Utanç bir tebessüm ile bir adım geriye attı. ''Benimle gelin, lütfen.'' Dışarıya kadar onu takip ettiğimde gözlerime inanamadım. Bunu daha önce gördüğümden emin değildim. Neden daha dikkatlli biri olmamıştım ki? Ezberimde olan iki kelimenin koca tabelada yazmasına şaşırmıştım. Heaven Bookstore. İkimiz de telif hakkı istemeli miydik? ''Küçük Cennet olmasa da burası da benim Cennet Kitabevi'm. İkimiz de tabelaya bakmayı bırakıp birbirimize gülümsedik. ''Yemin ederim, sizden özenmedim.'' Buna kahkaha attığımda saniyeler sonra sustum. Ben hiç kahkaha atmazdım ki. Babam öldükten sonra en fazla tebessüm edebilmiştim. O da zamanla... Ancak şimdi karşımdaki adamın bana komik gelen sözlerine karşılık kahkaha atmıştım. ''Bunu birçok kez sorup sizi sinirlendirdiğimi biliyorum ama...'' Bedenini bana orantılı olacak şekilde çevirdi. ''Bir sorun mu var?''
Başımı salladım. ''Hayır. Ben sadece...'' Yürümeye başlayıp dükkana girdim. Ensemde bir ürperti oluştu. Benden bir cevap beklediğini biliyordum. Ancak söylemek zor bir hal almıştı. Nihayet kapanan dudaklarımı araladım. ''...gülmem.''
''Neden?'' Kitapları düzenleme işine devam ettim. Aradan birkaç saniye geçmişti. ''Fincanları götüreyim.''
O gidecekken konuştum. ''Babam öldükten sonra kendime gülmeyi yasakladım.'' Elindekileri raflardan birine bıraktı. ''Bu yüzden kahkaha atınca da...''
Konuyu neşeli bir hal takınarak değiştirdi. ''Biliyor musunuz?'' Fincanları yeniden eline aldı ve devam etti. ''Madem ki buradasınız, bana yardım etmek istiyorsunuz... O zaman birlikte yemek yememize de itiraz etmezsiniz, değil mi? Çok acıktım ve hemen pratik bir şeyler hazırlayabilirim.''
''Zahmet etmeyin, lütfen. Üzerinize afiyet, bir tabak dolusu makarna yedim. Midemde boş yer yok.'' Buna kahkaha attığında içim gıdıklandı. ''Kendiniz için bir şeyler...''
Sözümü kesti. ''En geç on dakika sonra buradayım.'' Tam gidecekken durdu. ''Rica etsem kapıyı kapatır mısınız? Anahtar masanın üzerinde. Sanırım lodos yarına kalmaz adayı da vurur.'' Rüzgarı ben de hissetmiştim. Keskin bir soğuktu. Mevsimine göre değildi. Onu onayladığımda masadan anahtarı aldım ve kapıyı kilitledim. Merdiven sonunda elinden düşürüp kırdığı fincanların sesi üzerine irkildim.
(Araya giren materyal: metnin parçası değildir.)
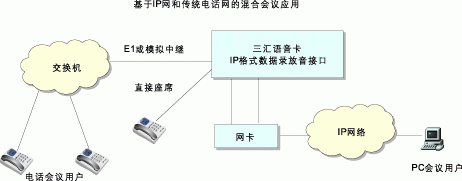 交互式電話會議與傳統(tǒng)的電話會議的區(qū)別就在于開會時不需要由會議主持人控制由某人發(fā)言,而是所有與會者可以自由發(fā)言,就如同坐在同一間會議室中一樣。三匯公司所有型號的基于DSP技術(shù)的語音卡,包括數(shù)字卡和模擬卡,均內(nèi)置了對交互式電話會議的支持,只要使用語音卡,無需額外的會議卡,就可以構(gòu)成具有完善功能的交互式電話會議系統(tǒng)。三匯公司還采用了獨(dú)創(chuàng)的分布式電話會議實(shí)現(xiàn)技術(shù),電話會議的關(guān)鍵資源----混音器分布在每一個通道中。因此語音卡對會議系統(tǒng)的支持具有極大的靈活性,既可以召開大量的三方會議,也可召開所有通道同時參加的大型會議,無論是會議的數(shù)量還是參加會議的人數(shù)均只受系統(tǒng)總通道數(shù)的限制。三匯語音卡還支持IP會議和傳統(tǒng)電話會議的混合應(yīng)用。

''Engin Bey, iyi misiniz?'' Sesi gelmiyordu. ''Engin Bey...'' Üçüncüye tekrar etmeden merdivenlerden hızla çıktım. Elini kapı pervazına koymuş fincanlara bakarken buldum onu. Bakışlarını sabitlemişti ve sanki kendine gelmeye çalışıyor gibiydi. ''İyi misiniz?'' Derin bir nefes alıp soludu. ''Toplamanızda yardımcı olayım.'' Eğildiğimde beni engelledi.
''Cevap veremediğim için kusura bakmayın. Ben hallederim, siz dinlenmenize bakın.'' Elimi birkaç kırık parçaya atıp topladım. Israrcı olduğumu görünce diretmedi ve benimle birlikte kalan parçaları topladı. Çelik kapısının üzerindeki anahtarı çevirip içeri girdi. ''Gelmek ister miydiniz? Hem elinizdekileri çöpe atmış olursunuz.'' Elimdeki parçaları atma amaçlı içeri girmeyi kabul ettim. Ayakkabılarımı çıkartmak üzereyken durdurdu. ''Lütfen, buyurun.'' Kendisi ise ayakkabılarını içeride çıkarttığında ben de aynısını yaptım. ''Buranın adı da Home Heaven.'' dedi. Sonra güldü. ''Ciddiye almayın. Öylesine bir ev işte.''
Başımı salladım. ''Katılmıyorum.'' dedim. ''Burası gerçekten de cennet gibi.'' Mutfağına gidip balkonuna çıkmadan sağda bulunan çöp kovasını ayak mandalına basarak benim için açtı.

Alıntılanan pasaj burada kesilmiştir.